We see these stories in the hibakusha. The woman who forgave a pilot who flew the plane that dropped the atomic bomb because she recognized that what she really hated was war itself. The man who sought out families of Americans killed here because he believed their loss was equal to his own.

My own nation's story began with simple words: All men are created equal and endowed by our creator with certain unalienable rights including life, liberty and the pursuit of happiness.

[04:55:00] Realizing that ideal has never been easy, even within our own borders, even among our own citizens. But staying true to that story is worth the effort. It is an ideal to be strived for, an ideal that extends across continents and across oceans. The irreducible worth of every person, the insistence that every life is precious, the radical and necessary notion that we are part of a single human family -- that is the story that we all must tell.

That is why we come to Hiroshima. So that we might think of people we love. The first smile from our children in the morning. The gentle touch from a spouse over the kitchen table. The comforting embrace of a parent. We can think of those things and know that those same precious moments took place here, 71 years ago.
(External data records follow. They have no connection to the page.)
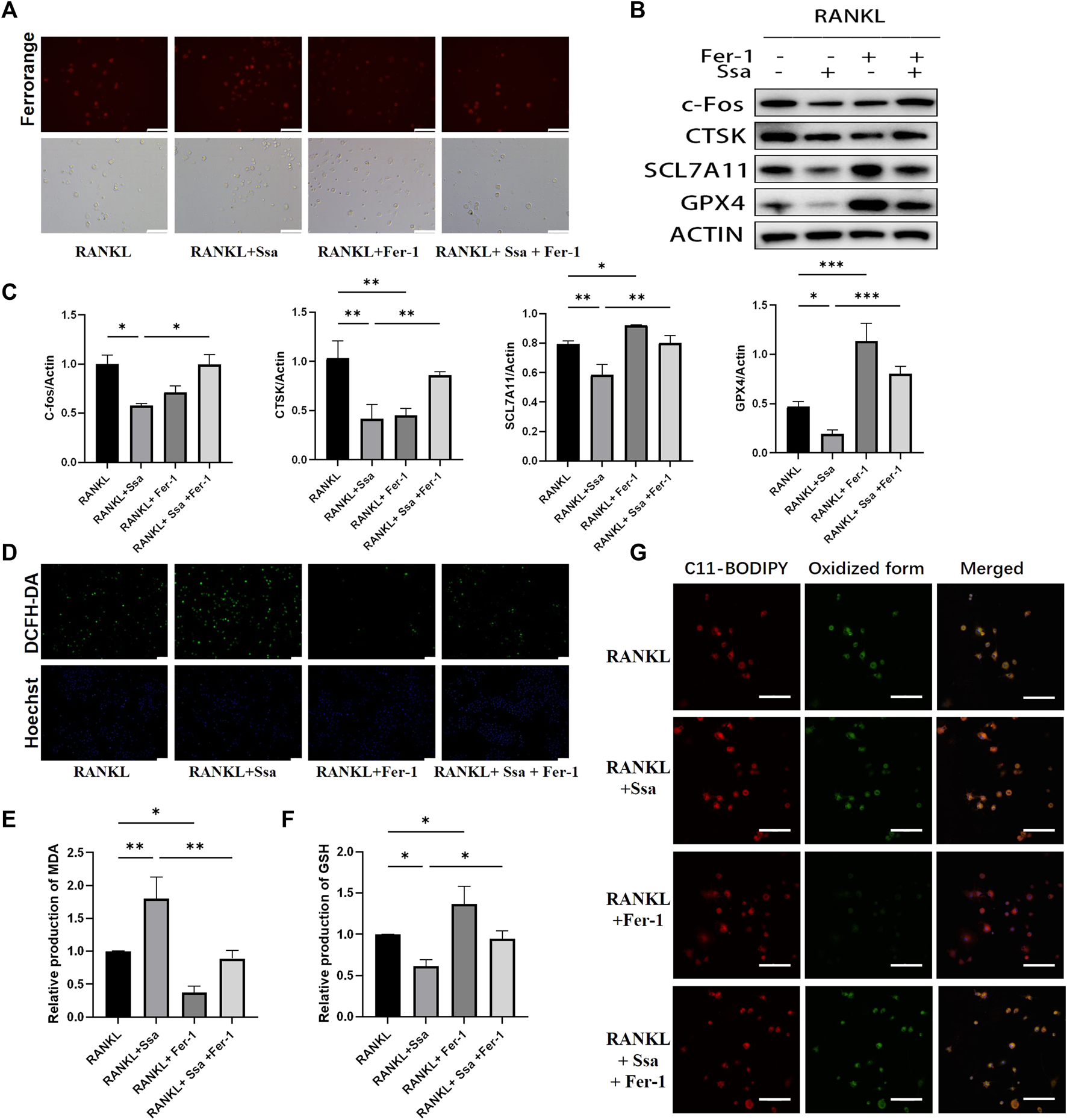 Figure 5. Ferroptosis is involved in Ssa inhibition of osteoclast differentiation. (A) FerroOrange staining. Scale bars = 100 μm. (B–C) Western blotting assay of CTSK, c- Fos, Nrf2, SLC7A11, and GPX4 levels and their quantification. (D) DCFH-DA. Scale bars = 100 μm. (E) MDA. (F) GSH. (G) BODIPY 581/591 C11. Scale bars = 20 μm. In the graphs, data are displayed as the mean ± SD (n = 3). *p < 0.05; **p < 0.01 and ***p < 0.001.
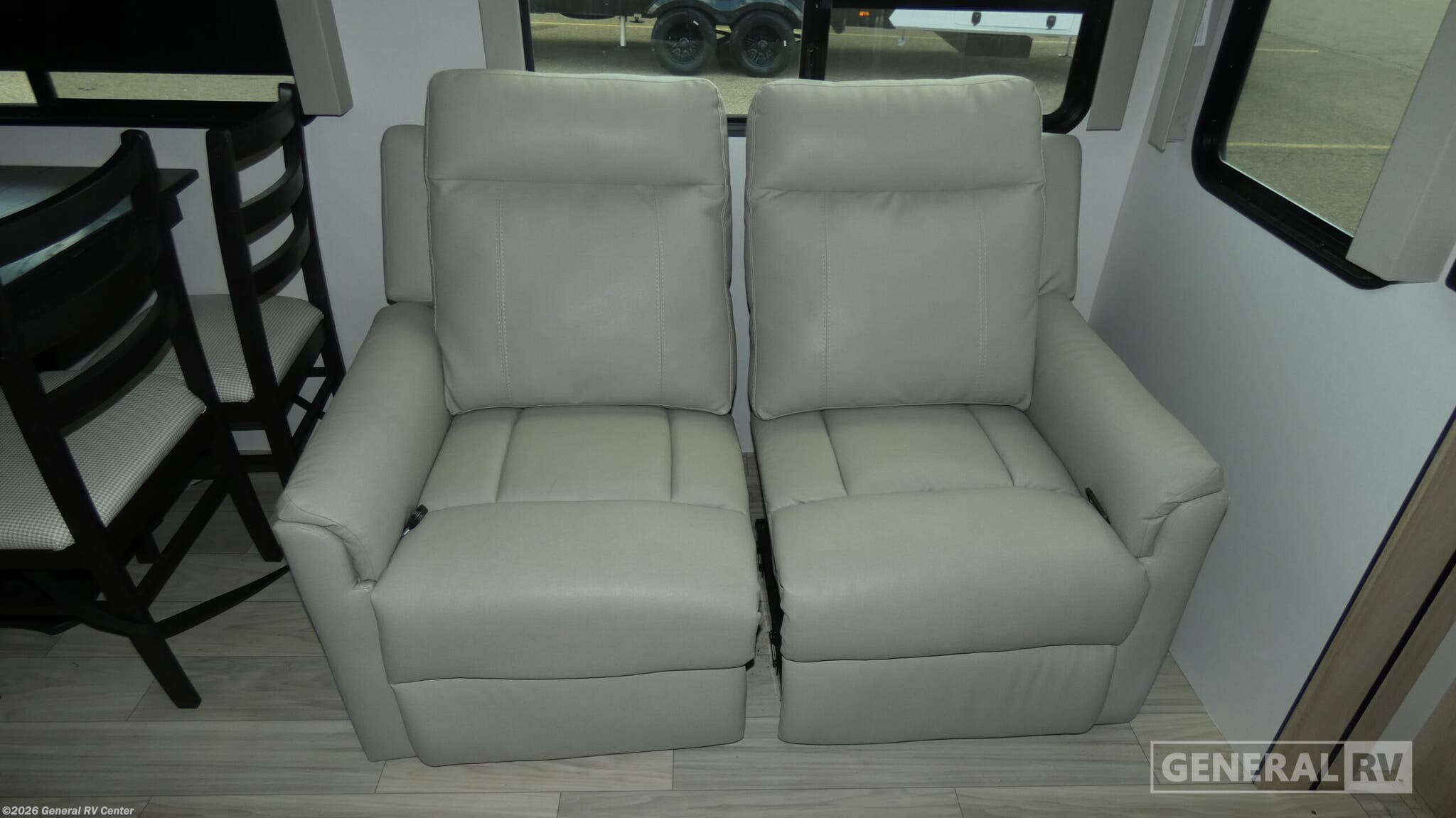 ## Winnebago Industries Towables Voyage travel trailer V3235RL highlights - Rear Living Area - Dual Opposing Slides - Kitchen Island - Theater Seating - Hutch - Front Private Bedroom You camp because you love the outdoors, and you won't have to give up creature-comforts when you have this trailer at your campsite! The interior is spacious with dual opposing slide outsin the main living area that you can enjoy while you sit back on theater seating or at the free-standing table with chairs while watching the Smart TV opposite. A tri-fold sofa with end tables can be found along the back wall which will provide more seating and additional sleeping space. The cook will love the kitchen island, the hutch for dishes, and the appliances including aconvection microwave, and the large pantry. All will enjoy having a full bathroom with a large skylight and residential bath fixtures, and the private bedroom with its King-size bed is going to provide a peaceful night's rest after a fun day of camping. Each Voyage travel trailer by Winnebago Industries Towables includes two 100-watt solar panels with a charge control monitor so you can camp off-grid, satellite and antenna connections, and an antenna with Wi-Fi prep. Also included is a heated and enclosed underbelly with radiant foil insulation for four seasons of travel, 2" thick FILONĀ® MAX fiberglass sidewalls and a painted gel coat front cap with integrated LED lighting, a walk-on roof, plus power stabilizers for easy setup and stability. The interior offers many comforts of home, large windows, ceiling LED lights, ductless flooring throughout, and full kitchen amenities. No voyage is better than the one taken in a Voyage travel trailer! Come choose your model today!
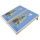 Natural Wood Cornhole Set, Royal Blue and Yellow bags
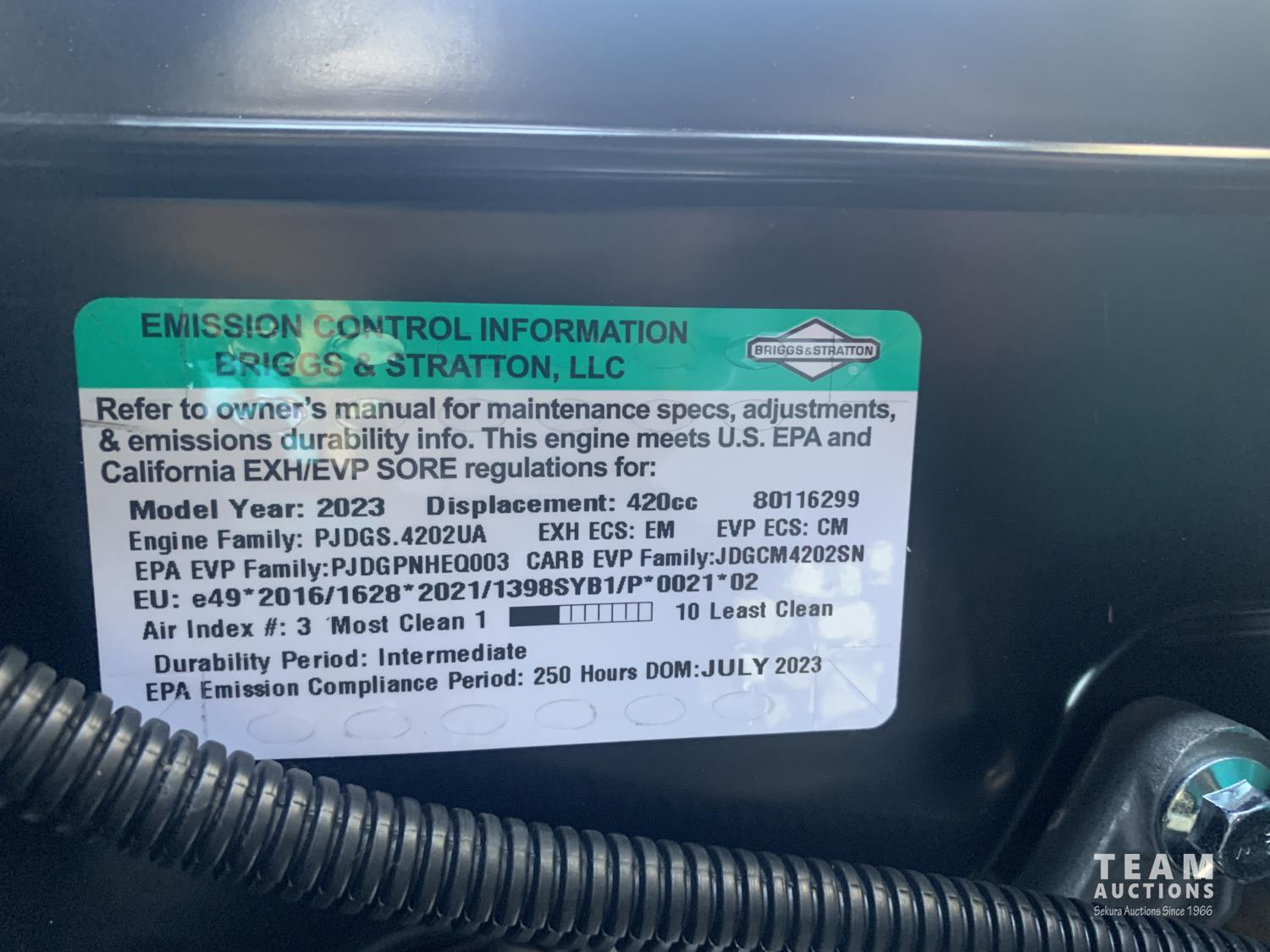 Briggs & Stratton 13.5 HP engine, 3 ft front blade, 14 inch dig bucket, 7 inch wide rubber track, 32 inch stick, aux hydraulic
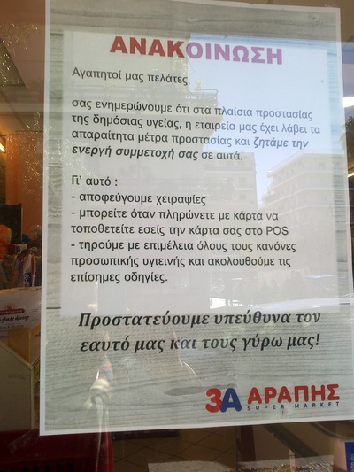 Την ενημερωτική αυτή ανάρτηση την είδαμε στην είσοδο καταστήματος στην Πάτρα.
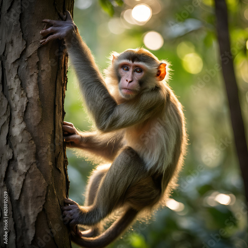 A monkey on a branch of a tree in the forest nature animal looked at camera with blurred background
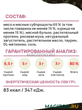 Состав: мясо и мясные субпродукты 65 % (в том числе говядина не менее 15 %, курица не менее 15 %), мясной бульон, растительный протеин, рисовая мука, натуральный загуститель, растительное масло, таурин, DL-метионин, соль.
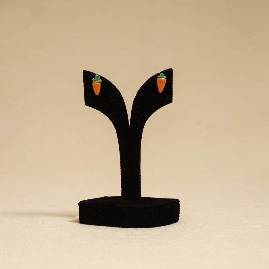 Orange handpainted stud earrings is crafted from polymer clay and using acrylic colours. Every piece is shaped, painted and finished entirely by hand, giving it a distinct character. The idea behind “Quirklets” comes from a tiny world of handmade joys, where little clay creations are meant to spark smiles and add a touch of whimsy to your day. Made by artisans in Bangalore, this earrings is lightweight and easy to pair with everyday outfits, making it a cheerful addition to your accessories collection.
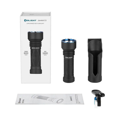 The Olight Javelot Mini is a torch for daily long-range EDC use, with extremely compact dimensions and capable of reaching 600 meters of maximum range with a maximum output of 1000 lumens. This torch can be powered with a single rechargeable lithium ion cell model 18500 supplied with 2040mAH. The maximum runtime is 4 hours and 57 minutes when using it on the lowest output level. The rear side of the flashlight, the tail, follows the Olight two-in-one design: the functions of the tail are in fact two and very distinct. there is the possibility of using the tail as a charging interface via Olight's custom USB cables and there is also the possibility of using the switch present with the thumb for quick access to the functionality of the flashlight.The body of the Olight Javelot Mini is made in aeronautical aluminum alloy and is resistant to falls up to 1.5 meters in height while the degree of waterproofing is given as IPX8 therefore submersible torch up to two meters deep without suffering any damage. Near the head there are deep dissipation fins that help in the dispersion of the heat produced when using the flashlight on high levels. In the central part of the body there is an abundant knurling that makes the torch grip safer and more comfortable. The tactical switch with soft design is double-stroke: a short press activates the Low mode and a full press activates the High mode. The Bezel is toothed and effectively protects the lens from blows or falls, and can also be used as a glass breaker if necessary. The Olight Javelot Mini is available for purchase in two different colors: Black and Military Green. The olight Javelot Mini is one of the first Olight torches to use as a round LED light source that provides a more balanced and homogeneous light beam. The special tail cover is flat but at the same time concave to provide a more comfortable interface for using the thumb and to allow the flashlight to be fixed very firmly on magnetic surfaces using the magnet present. Among the accessories supplied there is a holster with a new design designed to be used in various ways: it can be attached to the belt, to the service belt, to the backpack strap to the pocket and more. The interface also features a low battery warning by vibrating: a small internal motor will vibrate to alert the user that it is time to change the battery. If the cell capacity is below 0% then the flashlight will vibrate once every 5 minutes, if the capacity is below 10% the flashlight will vibrate twice per minute if below 5% it will vibrate 3 times every 10 seconds. The output levels are divided as follows: High (1,000 ~ 500 ~ 200 lumens with duration 6.5 + 78 + 19 minutes), Low (200 lumens with duration 297 minutes) while there are no Strobe or SOS. The dimensions are 32 mm (1.26 in) Body Diameter, 40 mm (1.57 in) Head Diameter, 115 mm (4.53 in) Length while the weight is 154 g (5.43 oz).
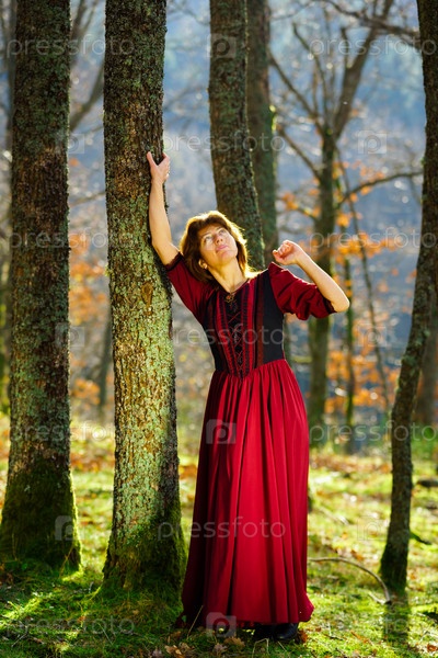 Женщина в красном платье в лесу
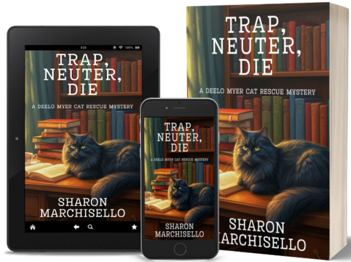 Trap, Neuter, Die is the first book in author Sharon Marchisello's new DeeLo Myer Cat Rescue Mystery series, featuring realistic and serious details related to the TNR program method for dealing with feral and/or community cat populations. When DeeLo Myer and her cat rescue mentor Catherine “Cat” Foster discover the body of a local cat enthusiast and bookstore owner while on the victim's property setting cat traps, they naturally are included on the police's suspect list. But when Cat is arrested by the local beat cop who has a grudge against her, DeeLo knows this is no time to pussyfoot around and starts her own investigation into the woman's murder.
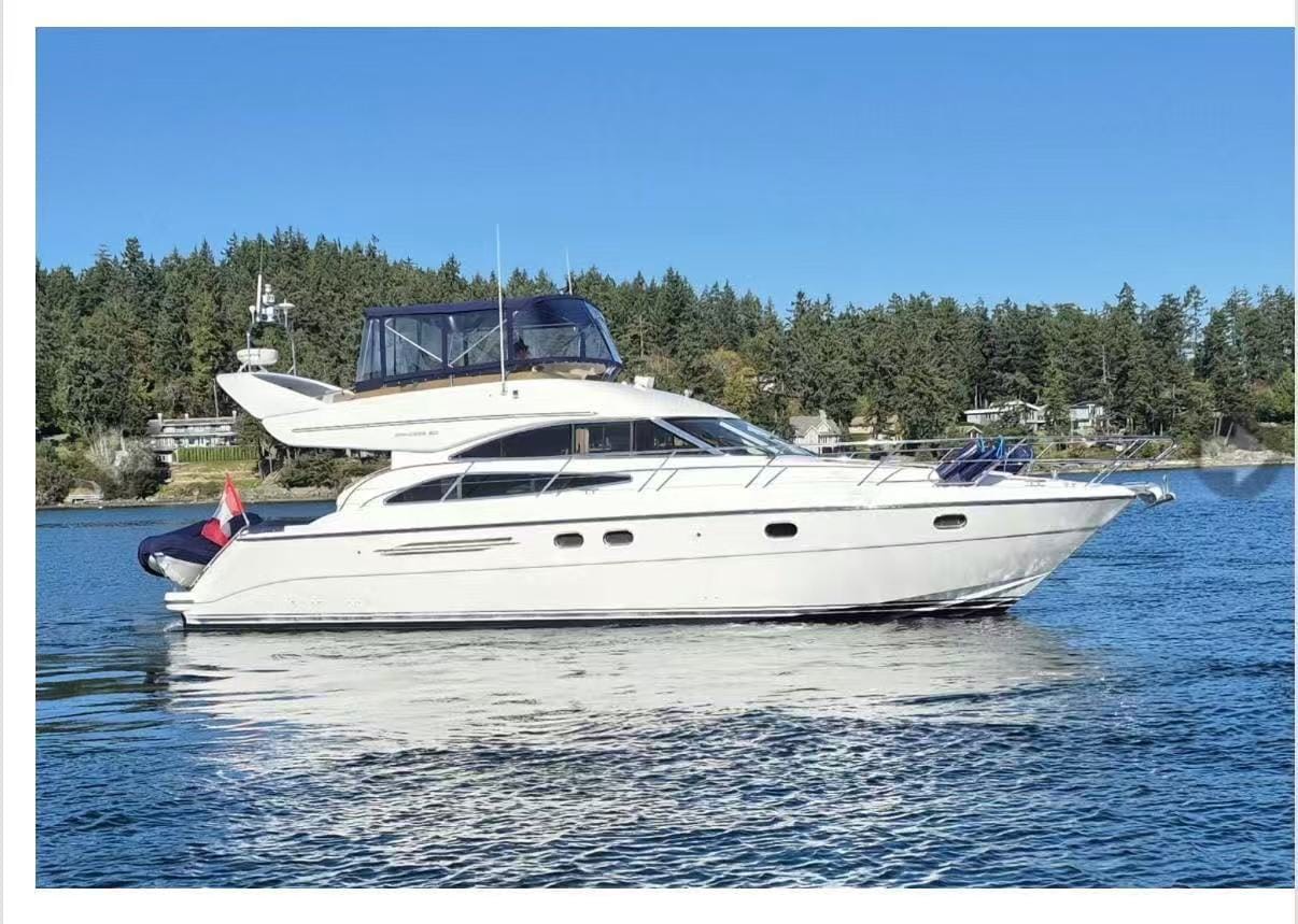 Private hourly yacht charter on a Princess P50 (50ft)—up to 12 guests
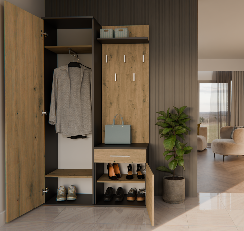 Předsíňová sestava DUO je ideální volbou pro ty, kteří chtějí mít doma krásný a praktický nábytek. Sestava zahrnuje prostornou skříň s velkým zrcadlem, věšák s policí a menší skříňku se šuplíkem v elegantní kombinaci antracitové a odstínu dřeva Artisan. Moderní design uspokojí každého, kdo ocení spojení jednoduchosti a elegance. Skříň s lustrem nabízí dostatek úložného prostoru, menší skříňka a šuplík poslouží pro drobnosti a věci každodenní potřeby. Věšák je vybaven pěti háčky a policí. Jednotlivé části sestavy lze umístit těsně u sebe nebo je volně rozestavit podle potřeby. Dveře skříně lze namontovat na levou či pravou stranu. Skříň s lustrem je rovněž k dispozici k zakoupení samostatně.
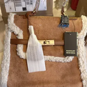 I love that it matches my shearling jacket but it doesn’t match the quality of other Badgley Mischka bags I have. I had to cut off a few stray threads and some excess fluff from the shearling.
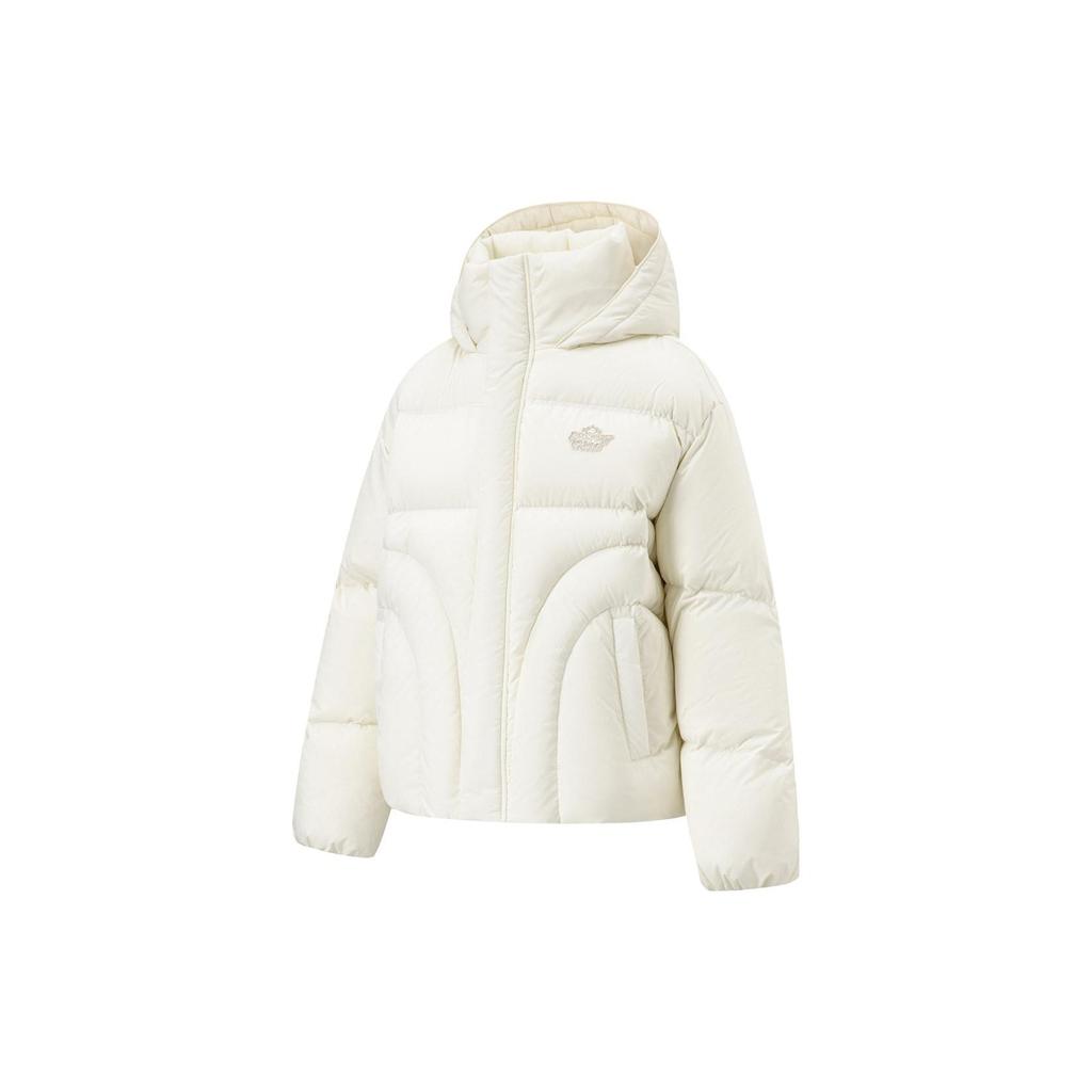 Li Ning однотонная повседневная короткая пуховая куртка на молнии с капюшоном унисекс куртки цвета «белый» AYMT419-3

Those who died, they are like us. Ordinary people understand this, I think. They do not want more war. They would rather that the wonders of science be focused on improving life and not eliminating it.

When the choices made by nations, when the choices made by leaders, reflect this simple wisdom, then the lesson of Hiroshima is done.

The world was forever changed here, but today, the children of this city will go through their day in peace. What a precious thing that is. It is worth protecting, and then extending to every child. That is a future we can choose, a future in which Hiroshima and Nagasaki are known not as the dawn of atomic warfare but as the start of our own moral awakening.

(APPLAUSE)

SHINZO ABE, PRIME MINISTER OF JAPAN (through translator): At the 70th anniversary at the end of war, I visited the United States, and gave a speech as prime minister of Japan at a joint meeting of the U.S. Congress.

That war deprived many --

KOSIK: All right. You are looking at the prime minister of Japan, Shinzo Abe, making remarks after President Obama made his remarks in Hiroshima. He is the first sitting U.S. president to visit the Japanese city of Hiroshima there at peace memorial museum.

Let's go to White House correspondent Michelle Kosinski who is standing by with us.

Michelle, are you there?

MICHELLE KOSINSKI, CNN WHITE HOUSE CORRESPONDENT: Right. Hopefully you can hear me.

KOSIK: We can hear you. How is President Obama's visit being received?

KOSINSKI: It's hard to overstate how much this means to the Japanese people and how powerful a moment this is. I mean, they have been wanting a U.S. president to visit this site for decades. They have been asking for it, talking about it, not necessarily looking for an apology, because that raises issues within Japan as well and sentiments here that this government doesn't necessarily want to address in that way, and uncomfortable feelings.

But this is exactly what they were looking for.